ACTION ITEM:
Pictures in the listing should not be copied. Reproduce, word for word, each line from the one holding "оценку, — сообщил Андриенко." through the final line.

DATASET EXCERPT:
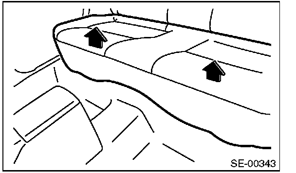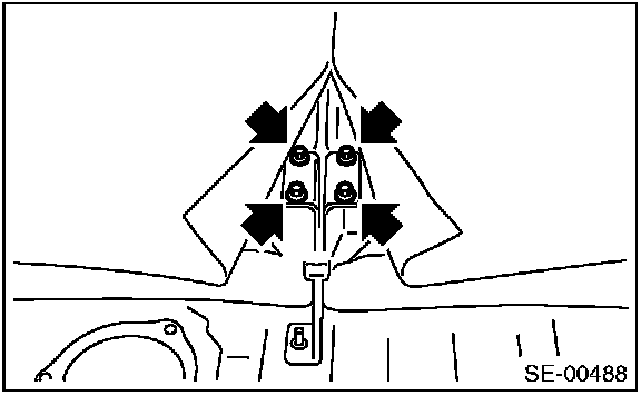 CAUTION: If the hooks on the vehicle body side is disengaged (remained on the seat cushion side) when removing the rear seat cushion, always replace with new hooks to prevent the decline of the fixed force of the seat.
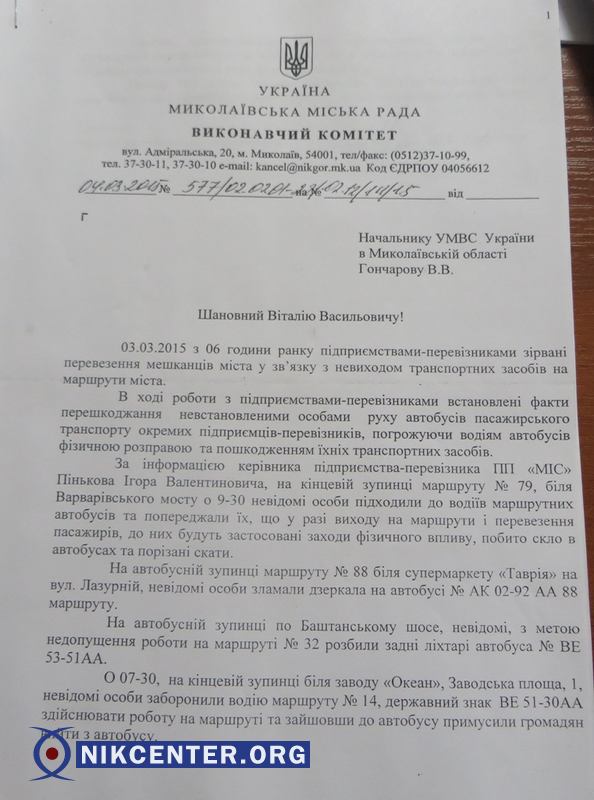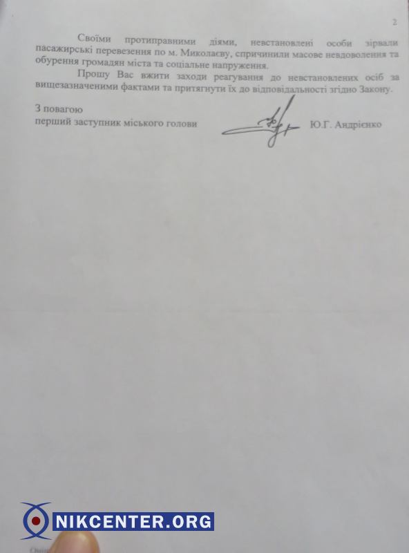 — Не будем внедряться в причину того, что произошло вчера, я подписал заявление на областное управление внутренних дел, на прокуратуру и СБУ. Я высказал там свое мнение и некоторые примеры того, что нам передали перевозчики: об угрозах и о специфическом отношении к тем людям, которые готовы были выйти на маршрут, поэтому я думаю, что здесь правоохранительные органы должны дать свою соответствующую оценку, — сообщил Андриенко.
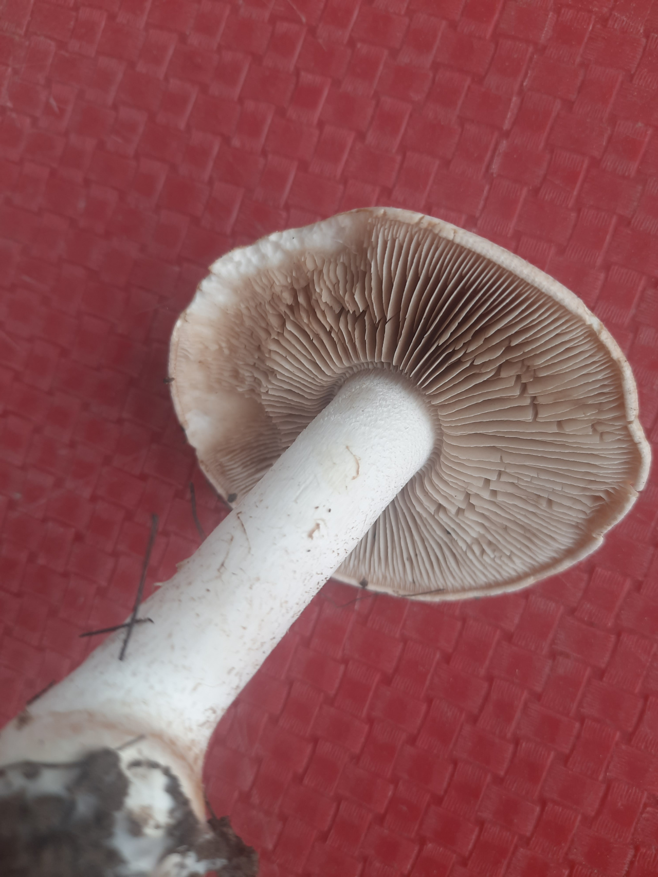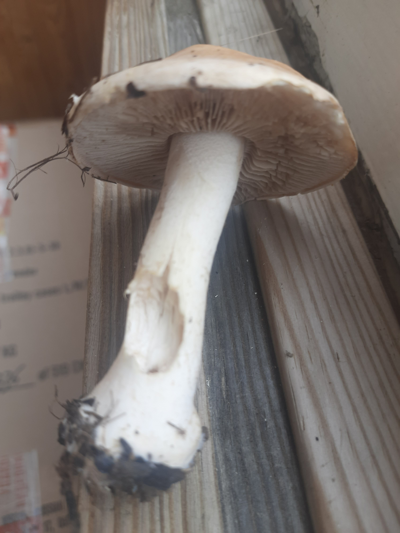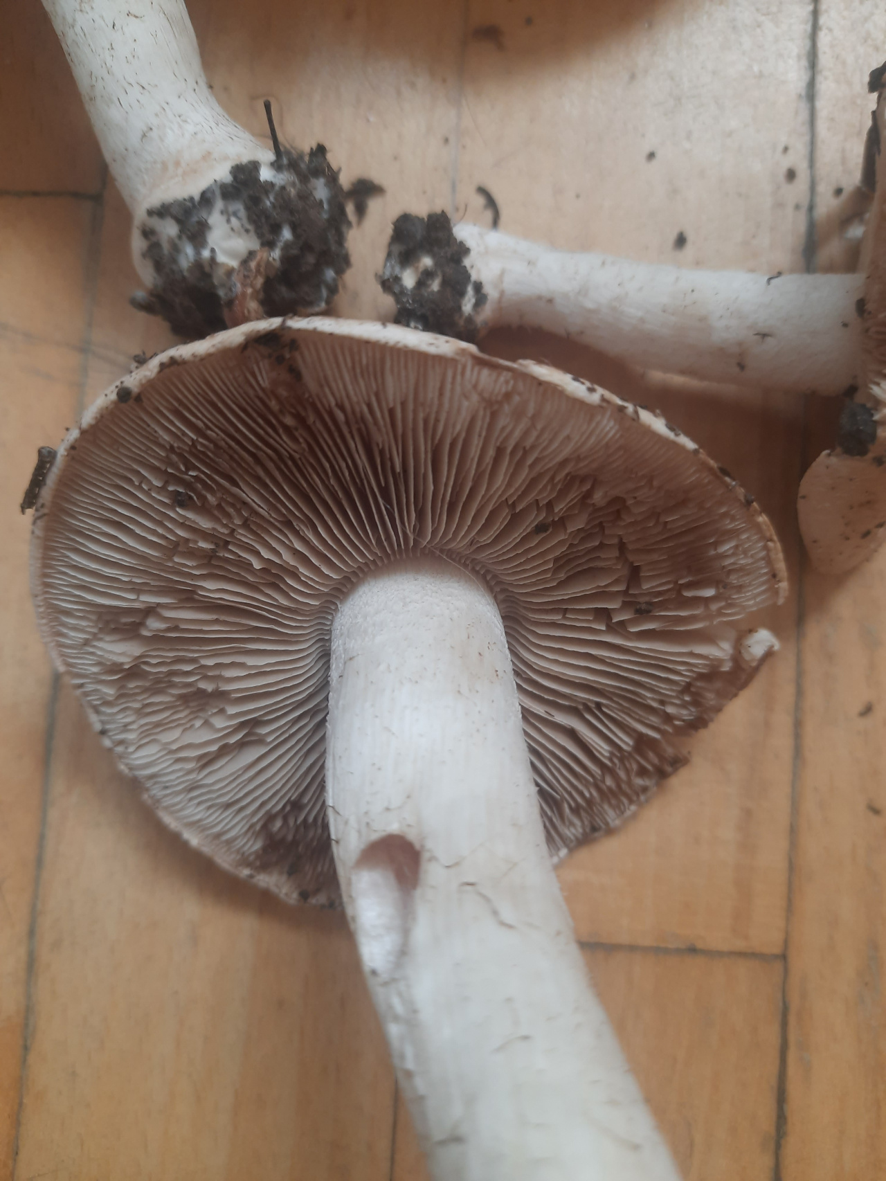 Описание гриба: Гриб похож на рядовку.Пластинчатый светлого цвета.Шляпка светло-бежевая.Не слизкий,сухой. Ножка белая.Колец никаких нет. Пластинки светло-коричневатые.Растет группой в овражке в смешанном лесу.Запах характерный, как будто анисовый.

ANSWER SPACE:
 — Не будем внедряться в причину того, что произошло вчера, я подписал заявление на областное управление внутренних дел, на прокуратуру и СБУ. Я высказал там свое мнение и некоторые примеры того, что нам передали перевозчики: об угрозах и о специфическом отношении к тем людям, которые готовы были выйти на маршрут, поэтому я думаю, что здесь правоохранительные органы должны дать свою соответствующую оценку, — сообщил Андриенко.
 Описание гриба: Гриб похож на рядовку.Пластинчатый светлого цвета.Шляпка светло-бежевая.Не слизкий,сухой. Ножка белая.Колец никаких нет. Пластинки светло-коричневатые.Растет группой в овражке в смешанном лесу.Запах характерный, как будто анисовый.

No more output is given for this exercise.